▶ **Exercise aim**: What you return must be exactly the lines from the beginning of the material through the line containing "at 7am) Flyer attached", both included, and no pictures.

▶ **Provided data**:

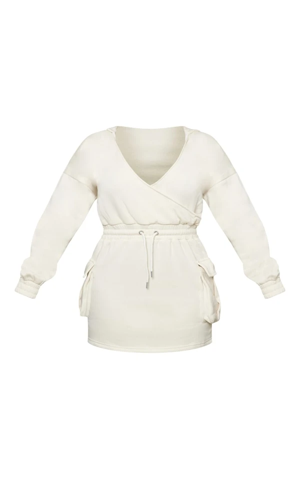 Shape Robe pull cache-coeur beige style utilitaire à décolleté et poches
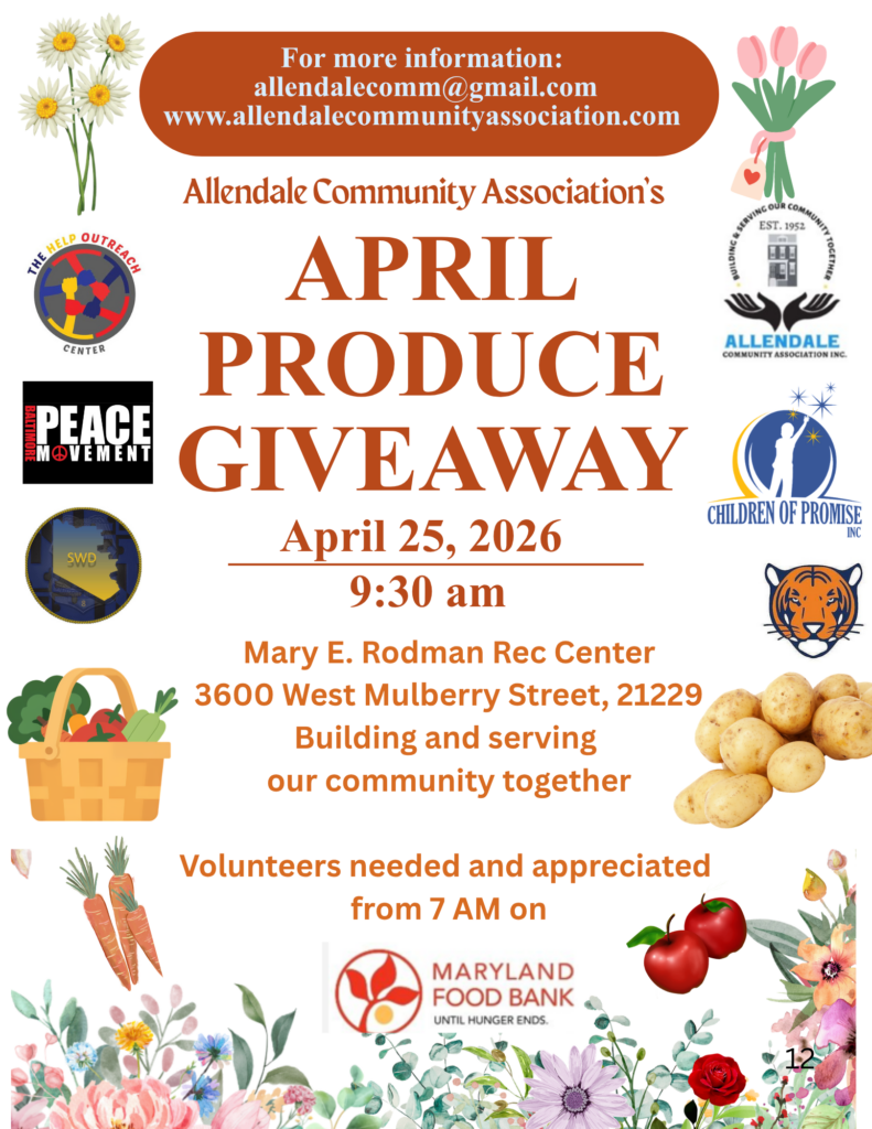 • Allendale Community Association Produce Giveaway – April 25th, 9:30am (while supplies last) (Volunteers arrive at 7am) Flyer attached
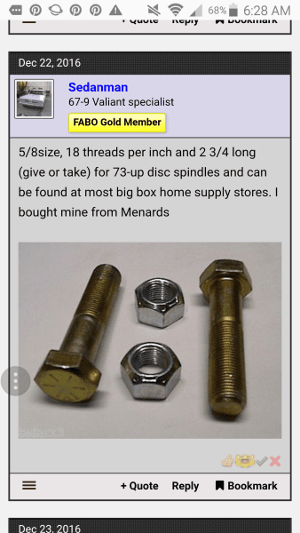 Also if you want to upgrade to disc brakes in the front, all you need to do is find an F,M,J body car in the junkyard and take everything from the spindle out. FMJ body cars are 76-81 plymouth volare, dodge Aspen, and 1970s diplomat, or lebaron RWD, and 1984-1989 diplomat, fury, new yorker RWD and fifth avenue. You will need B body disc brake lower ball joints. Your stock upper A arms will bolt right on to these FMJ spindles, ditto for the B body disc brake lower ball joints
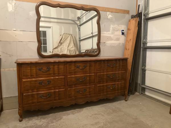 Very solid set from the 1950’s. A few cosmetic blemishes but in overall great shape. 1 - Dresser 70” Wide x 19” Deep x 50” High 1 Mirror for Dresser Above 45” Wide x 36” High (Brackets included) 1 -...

▶ **Completed task**:
 Shape Robe pull cache-coeur beige style utilitaire à décolleté et poches
 • Allendale Community Association Produce Giveaway – April 25th, 9:30am (while supplies last) (Volunteers arrive at 7am) Flyer attached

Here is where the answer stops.